Но балы-маскарады не перевелись и в то грозное время: так же, как в предшествующие два столетия, кружились вальсирующие маски, заводили знакомства, флиртовали, интриговали.
«Выходили в зал из передней какие-то ангелоподобные существа в голубых, белых, розовых платьях, серебристые, искристые; обвевали газами, веерами, шелками, разливая вокруг благодатную атмосферу фиалочек, ландышей, лилий и тубероз; слегка опыленные пудрой их мраморно-белые плечики через час, через два должны были разгореться румянцем и покрыться испариной; но теперь, перед танцами, личики, плечи и худые обнаженные руки казались еще бледней и худей, чем в обычные дни; тем значительней прелесть этих существ как-то сдержанно искрами занималась в зрачках, пока существа, сущие ангелята, образовали и шелестящие и цветные рои веющей кисеи; свивались и развивались их белые веера, производя легкий ветер; топотали их туфельки. Раздавались звонки.

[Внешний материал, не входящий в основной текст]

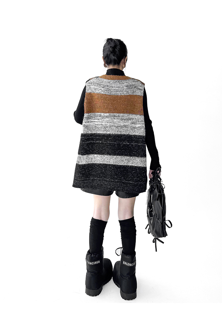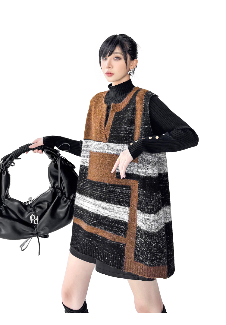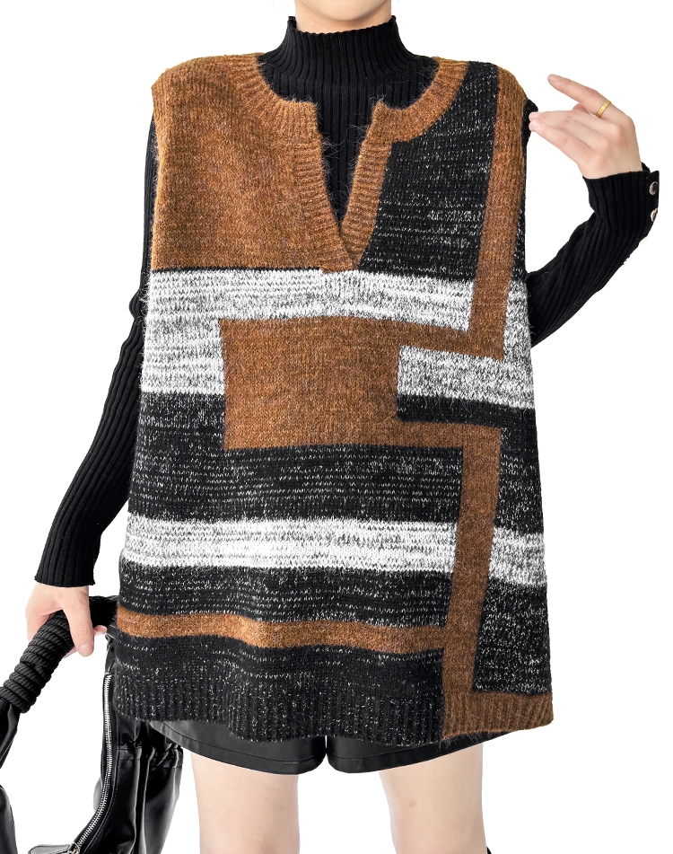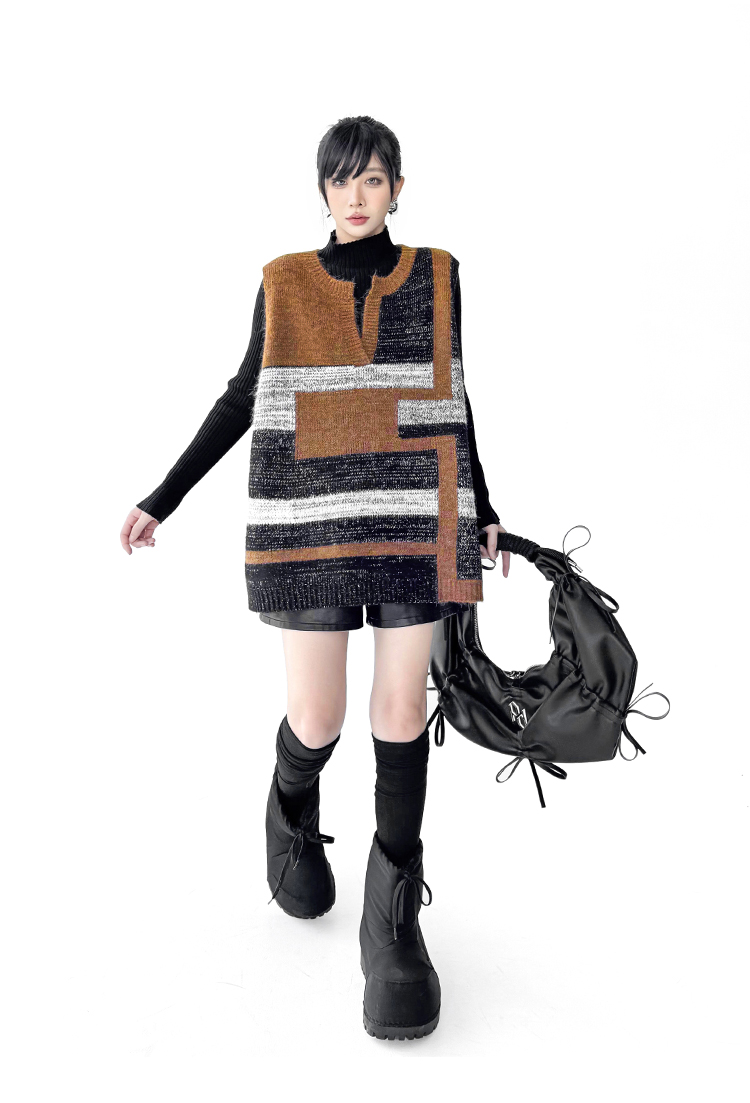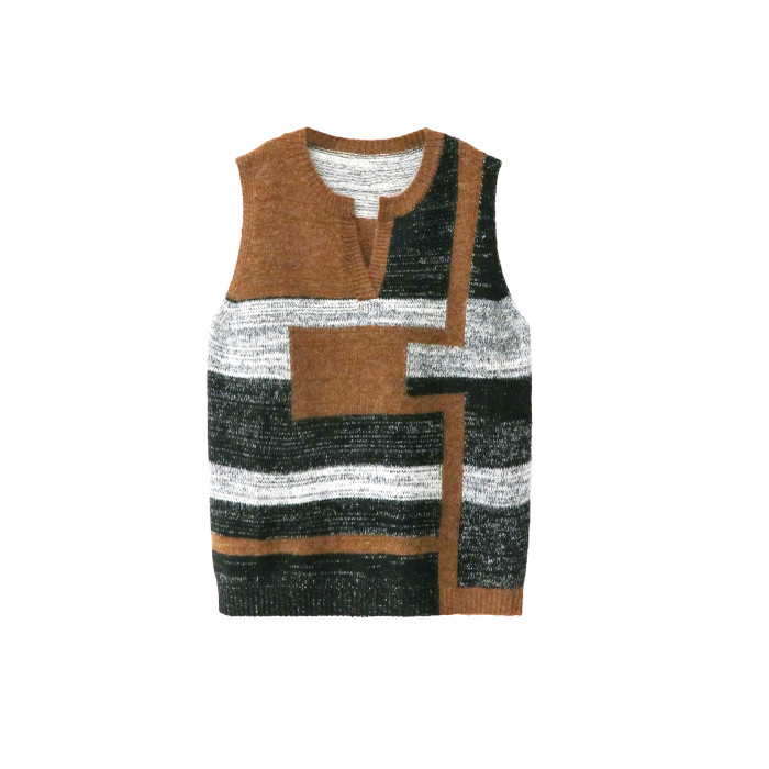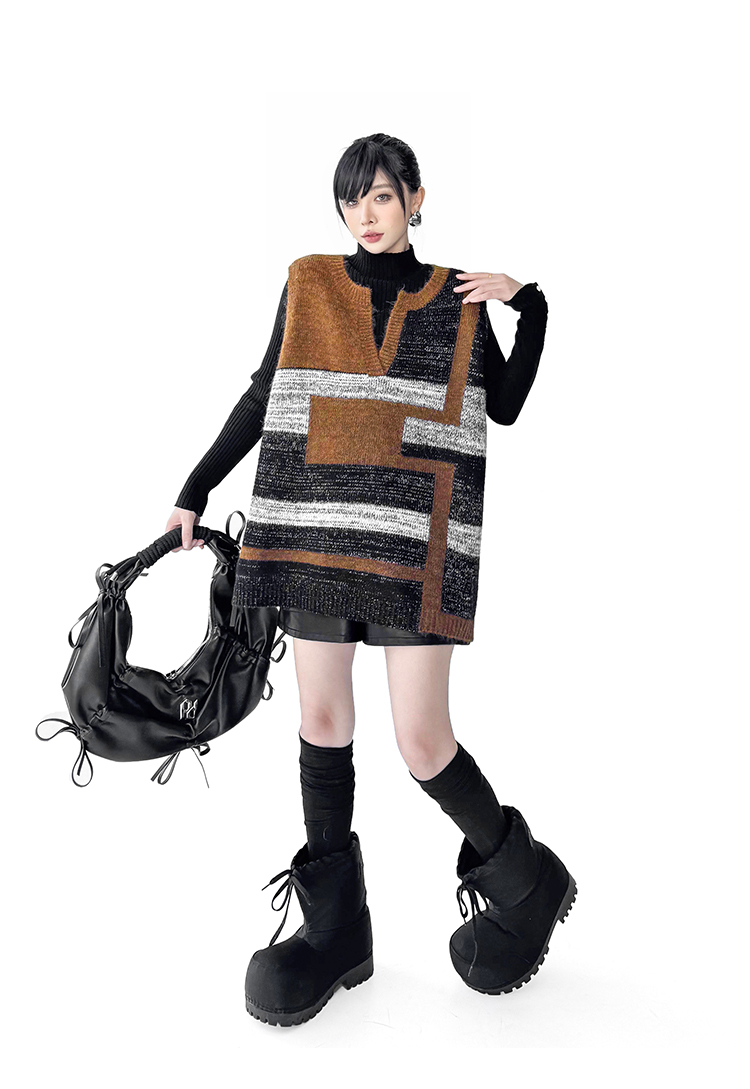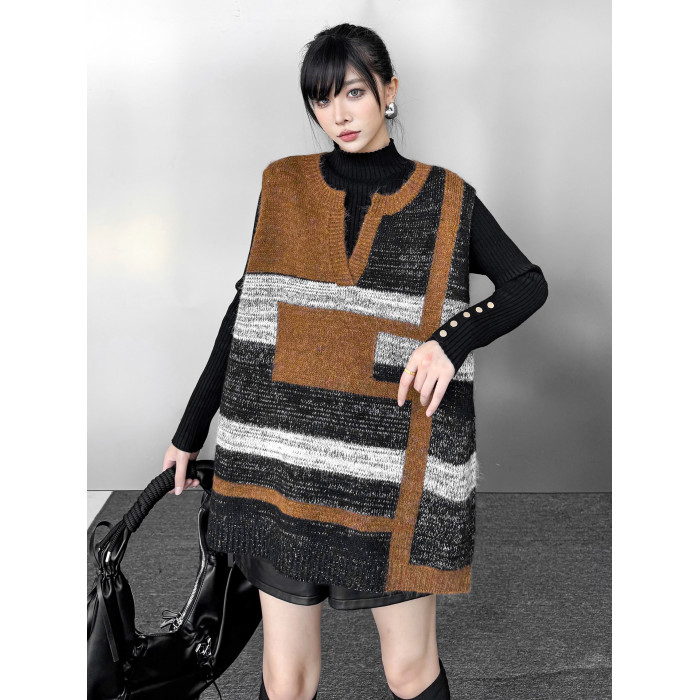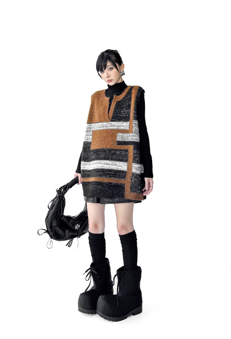 美拉德復古風撞色拼接毛衣馬甲女2025冬新款時尚寬松無袖針織背心

Бодро в зал из передней входили какие-то крепкогрудые гении в туго стянутых фраках, мундирах и ментиках – правоведы, гусары, гимназисты и так себе люди – усатые и безусые, – безбородые – все; разливали вокруг какую-то надежную радость и сдержанность. Неназойливо они проникали в блестящий газами круг и казались барышням гибче воска; и глядишь – там, здесь – пуховой легкий веер начинал уже биться о грудь усатого гения, как доверчиво на эту грудь севшее бабочкино крыло, и крепкогрудый гусар осторожно начинал с барышней перекидываться своими пустыми намеками; с точно такою же осторожностью наклоняем лицо мы к севшему невзначай нам на палец легкому мотыльку. И на красном фоне золототканого гусарского одеяния, как на пышном восходе небывалого солнца, так отчетливо просто выделялся слегка розовеющий профиль; набегающий вальсовый вихрь скоро должен был превратить слегка розовеющий профиль невинного ангела в профиль демона огневой»[646].
Маскарад обнаруживает свою способность к зловещим превращениям: невинного ангела – в огненного демона, бальное сообщество – в митинговую лавину, бальный этикет – в тайные знаки заговорщиков, домино в багровом атласе – в лужицу крови, струйку конфетти – в выпущенный из пистолета заряд, маски и паяцы – в их тень. И все как один посетители бала остерегаются домино в кровавом атласе: «Красный цвет был эмблемой Россию губившего хаоса»[647].
Балы, как и весь город, как и вся страна, чреваты потрясениями: атласное домино цвета крови распугало всех посетителей, тревожная атмосфера скандала разогнала всех по домам. Призрак бомбы мутит разум. Оставаться в бальной зале страшно.